ALEXANDER CHEVES: Confession From a Fake Submissive

ALEXANDER CHEVES: Confession From a Fake Submissive

from Recon News

08 October 2019

Alexander Cheves – sweetbeastly on Recon - is a sex and relationships writer, editor, and artist. In this article he writes about the fact that you're the only one who defines what you are.

Some months ago — just before World Pride New York City — I was messaging a dominant on this site who wanted something I wasn't interested in. I can't remember what it was — gut-punching or domestic service, maybe — but I told him no, thank you.

"Then you're not a real submissive," he said. "You're another pretender."

How did he know? Yes, I am a fake. It's true that I sometimes have passionate moments of intensity that feel like submission, but who's to say if they're real? Most of the time, I feel like an imposter. This random stranger tore through the veil and saw what I truly was. Could everyone else see it too?

I watched fisting porn in a parking lot in my car many years ago and it scared me. That fear turned into something else, and now I love the feeling of a hand in my ass. I can't explain it, and sometimes I still feel scared of it, but the feeling of getting fisted is the closest thing to ultimate pleasure I know. When I was little, I dared friends to tie me up (with balloon ribbon, with kite string) on the playground and at birthday parties and I felt excited when they did. Years later, I learned this was called bondage. These are real feelings and authentic experiences. As I've grown up, they've become codified, translated into labels and identities and scenes which do, at times, feel like artifice. I often feel I am masquerading as this thing, this submissive. How many others feel this way, too?

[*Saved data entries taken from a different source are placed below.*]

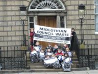 Midlothian Council WasteOn the 12th March, fourteen pupils of Howgate Primary School delivered a personal invite to Jack McConnell at Bute House, Edinburgh. The First Minister was asked if he would like to visit the school to see why Howgate Primary should not be closed - they are still awaiting a response.
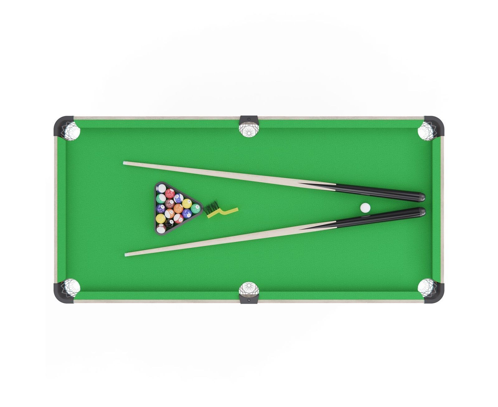 В набор входят все необходимые принадлежности: 2 кия, комплект шаров, 2 мелка, треугольник для расстановки и щётка для ухода за покрытием. Можно сразу начинать играть без дополнительных покупок.
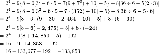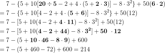 De nuevo, las operaciones dentro de los corchetes, llaves y paréntesis se realizan de adentro hacia afuera.

My partner does, sometimes. He is a restless force of need and discovery, and I love him for it. We are both chasing a vision of New York built on anecdotes from gay elders — fables of a dangerous gay city filled with dark spots and public sex, a place that is almost entirely gone now. That dream vanished over the last twenty years under the onslaught of gentrification and luxury. But still we chase it, and I know why: because the number of places with a cruise culture left in the world is dwindling and we are still in one of them.

But some nights we stay in, paralyzed, scared maybe. Sure, we could go to the party and play in the back, but we could also stay in and not risk seeing our fantasies clash with an opposing concept — that our dream of New York is gone, and that maybe we are not the hedonic beasts we think we are. On these horrible, restless nights, we fear we are chasing fictions.

When I walk into a dark place where people are fucking, I feel overwhelmed, even though I've been going to these places for years. Every moment of struggle — every time I can't bend over and take it without asking him to go slow, every time I have to douche again because I'm not fully clean — threatens the fantasy of myself as this small, dark, uninhibited god. But then, the wonder! When it happens, when my body unlocks and my fears dissolve, I am reminded how this body, this animal, is doing exactly what it needs to do. I am created again. This delicate swing between being made and unmade is such a powerful part of my journey, and I think it is part of every kinky person's journey. I think the most interesting and intense players among us are self-described frauds dreaming their way into the scene, and their journeys are wondrous to see. There is nothing more affirming than watching someone become their fantasy.

Let me say this to everyone currently dabbling casually or living 24/7 in kink, BDSM, or a particular fetish scene: If anyone tries to invalidate your identity by saying you should know a certain amount about something, or be into something, or know how to do something, or present yourself a certain way in order to be a "true" version of whatever you are (submissive, slave, pup, dominant, and so on), they're trash. They're not gatekeepers or standard bearers or educators — they're just people trying to make themselves feel important. Your desires are valid, and you're allowed to learn at your own pace. You're allowed to feel like a fraud until you don't. And most importantly, you're allowed to change.

I don't know if I am actually submissive. I may be pretending. There are submissives into more kinks than I am, with fewer limits than I have, who slide naturally into that headspace I wrestle with. I tell people who call themselves dominant that they must help me get there because I don't go there naturally on my own. I feel like I've dumped my desires on a great podium before some fetish magistrate and been told, "Ok, you're a submissive." I feel like I could just as easily be assigned something else, labelled by a different name. For some of us, that's what these labels are: words that only marginally describe our hungers. "Submissive" is a starting point, a dream into which I am running blind. Within it, I am constantly morphing into something else, something that cannot be named, an animal or god waiting to be born.

Alexander Cheves's work has appeared in many publications including The Body, The Advocate, Out, VICE, and others. All his work is done with a sense of social service: "We must not be passive media makers generating content. We are storytellers; we must actively engage with the world and find creative and compassionate solutions to its problems." He is currently working on his first book.